Choose your desert. Leave the phone in another room. Close the door. God's talking to you in the text of scripture, not in the text beeping on your phone. You wouldn't say to God, "Hang on a minute, I have to answer a call" if He was in the middle of a conversation with you.
Embrace the silence, turn down the volume on the world, and enter into God. We fill our lives with technology, our eyes with pictures, our ears with sounds, our minds with insignificant trifles. In their own proper portion, this may be fine, but we use it like a drug to numb boredom or fear or pain, and in the process silence the part of our soul that is receptive to the divine.
In lectio, we open our ears and heart to the voice of God in the printed word. Approach it with reverence, attention, silence, and submission. Use it as an opportunity to subdue the appetites and the inclinations to distraction that plague modern man so insistently.
There are, of course, may obstacles to proper lectio. We all have other obligations, and as life changes even the good habits we cultivate may fall by the wayside. Distraction is an ever-present danger to the spiritual life. There's a reason Jesus, monks, and spiritual masters of many faiths withdrew to the desert for a time to be stripped of the things of the world.
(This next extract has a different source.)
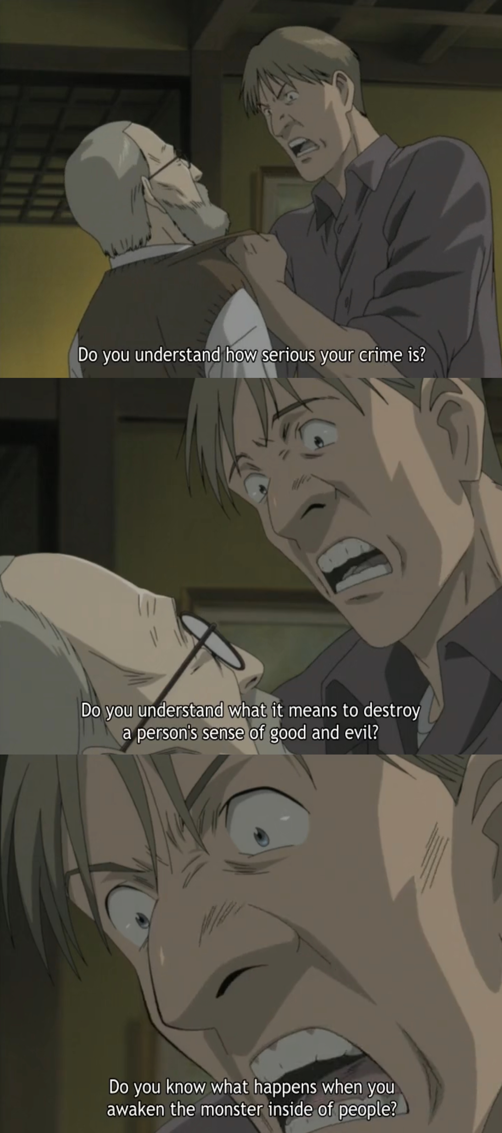 I was shocked to learn the anime is pretty much a 1:1 scene by scene of the manga as well and the dub was also surprisingly good, and I really like both the sub and dub of Monster. Have you read the follow up novel "Another Monster" which kinda explains all the unanswered questions that Monster had and I think even explains where Johan goes at the end?

We may lack the willpower to make the effort. Perhaps we’re sunk in acedia: the spiritual depression that smothers. To deal with the hardship of our lives, the world encourages us to escape into fantasy, offering unreality as the only option to an oppressive reality. But there is another alternative--hyperreality. A reality so true and clear and present and intense it can only be divine.
That's what God offers, and good lectio, practiced regularly, is a sure and certain way to encounter that hyperreality. Make no mistake--these temptations away from spiritual works are the stratagems of the devil, and thus overcoming them is an act of spiritual combat. It becomes a cycle, then, when the spiritual food we need for this combat--prayer, scripture, worship, lectio--is snatched from our hands by the dark one through temptation, oppression, and other ways of the world.
If the big devotions like lectio are too much weight, then start with the very smallest. Practice the presence of God prior to picking up the book. This very simple technique, known from a small book by Brother Lawrence, encourages us to simply lift our hearts and minds to God constantly, if only for a moment, if only to say the name of Jesus, throughout the day and in all our actions. At work or play, in idleness or chaos, it takes almost nothing to reach out to God in heart and mind. It’s simply a thought, a word, a brief prayer--done throughout the day, day after day, loading the dishwasher or walking the dog.
This simple practice of the presence of God loosens the grip of the world and lets us mount, if only fitfully, to the Divine Love who calls us to him. When it is merely the width of a toothpick a root may press beneath a slab of concrete, but day by day, year after, it pushes and grows until it breaks through.
I started this way. There was a time when I could barely say an Our Father at bedtime, and now I have a growing daily spiritual routine. It took time. Frankly, it took years, and there was much backsliding. There are days when some devotions still don't get my full measure. But, bit by bit, I found the way to where regular devotions are the norm and missing them are the exception. And when I miss them, I feel the loss.
The way to routine lectio is different for each of us, but everyone proceeds step by step, through the grace of God, by seeking him every day, all day. God is already calling to you in many ways--from the world, in your heart, and on the page. Call out to him in return, ask his help, and put yourself on the paths he travels in the deserted spaces of the world.